Jonathan Haidt thinks he knows why Democrats often fail to persuade the average American. His article is a good exploration of moral psychology, which Haidt sums up with these two rules--
  1. "feelings come first and tilt the mental playing field on which reasons and arguments compete"
  2. "morality is not just about how we treat each other (as most liberals think); it is also about binding groups together, supporting essential institutions, and living in a sanctified and noble way"

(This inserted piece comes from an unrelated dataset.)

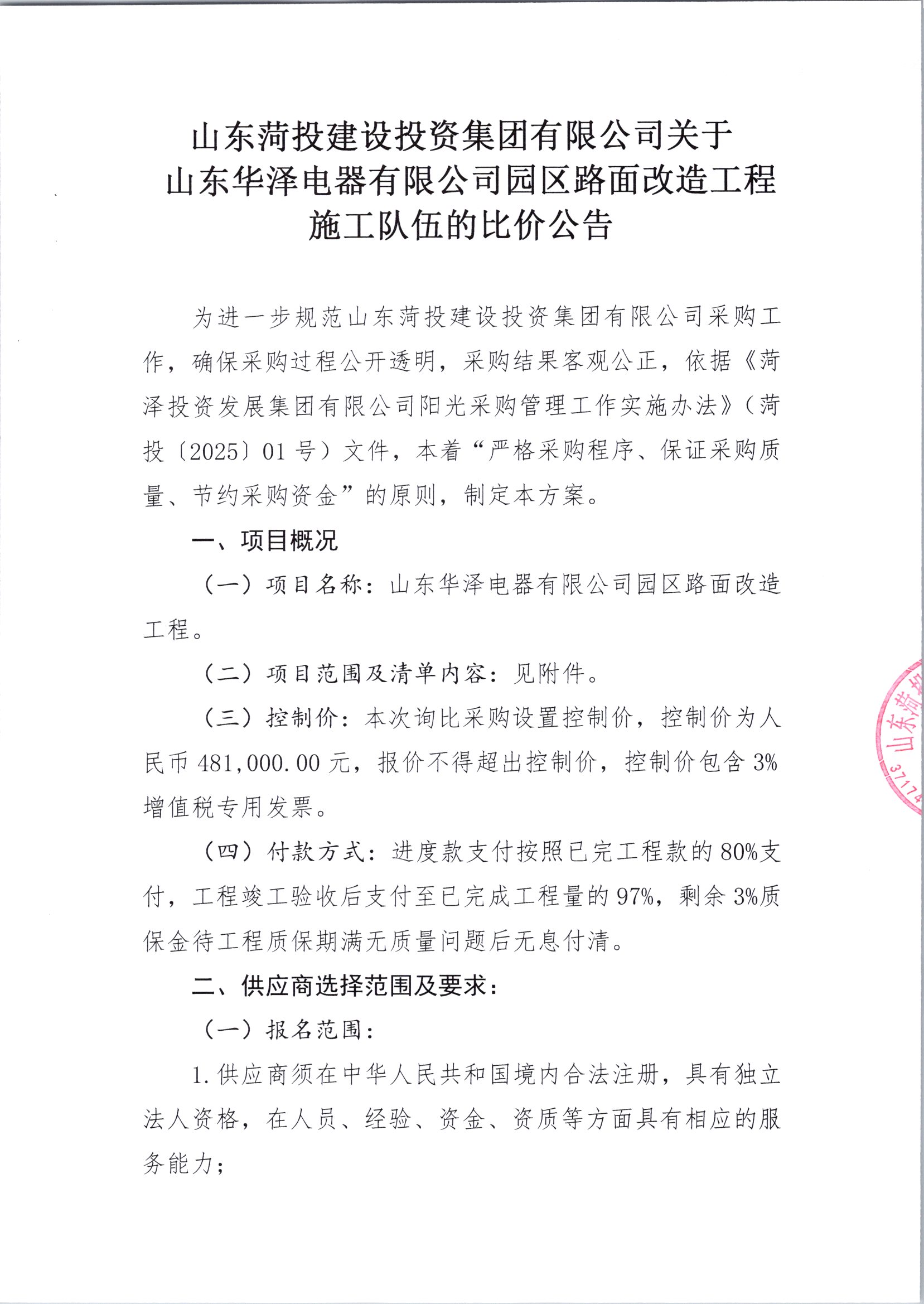 山东菏投建设投资集团有限公司关于山东华泽电器有限公司园区路面改造工程施工队伍的比价公告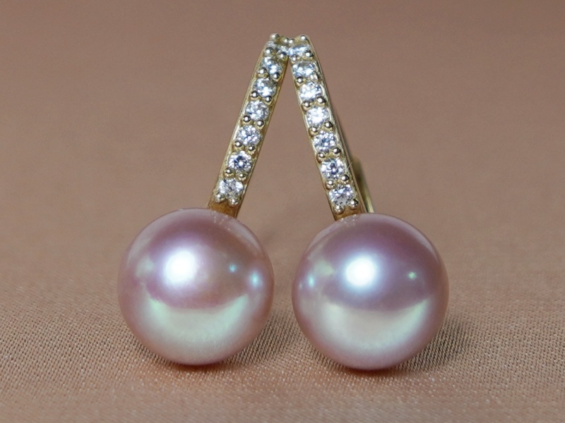 Perlové náušnice vyrobené z pravých fialovoružových sladkovodných perál a kovaní zo žltého zlata rýdzosti 585/1000 (14kt.).

I'm not sure all his recommendations are on target but I thought this one was especially insightful--
The purity/sanctity foundation is used heavily by the Christian right to condemn hedonism and sexual "deviance," but it can also be harnessed for progressive causes. Sanctity does not have to come from God; the psychology of this system is about overcoming our lower, grasping, carnal selves in order to live in a way that is higher, nobler, and more spiritual. Many liberals criticize the crassness and ugliness that our unrestrained free-market society has created. There is a long tradition of liberal anti-materialism often linked to a reverence for nature. Environmental and animal welfare issues are easily promoted using the language of harm/care, but such appeals might be more effective when supplemented with hints of purity/sanctity.

What Makes People Vote Republican? by Jonathan Haidt
While "liberals" might not know these things, Nietzsche provides some clues.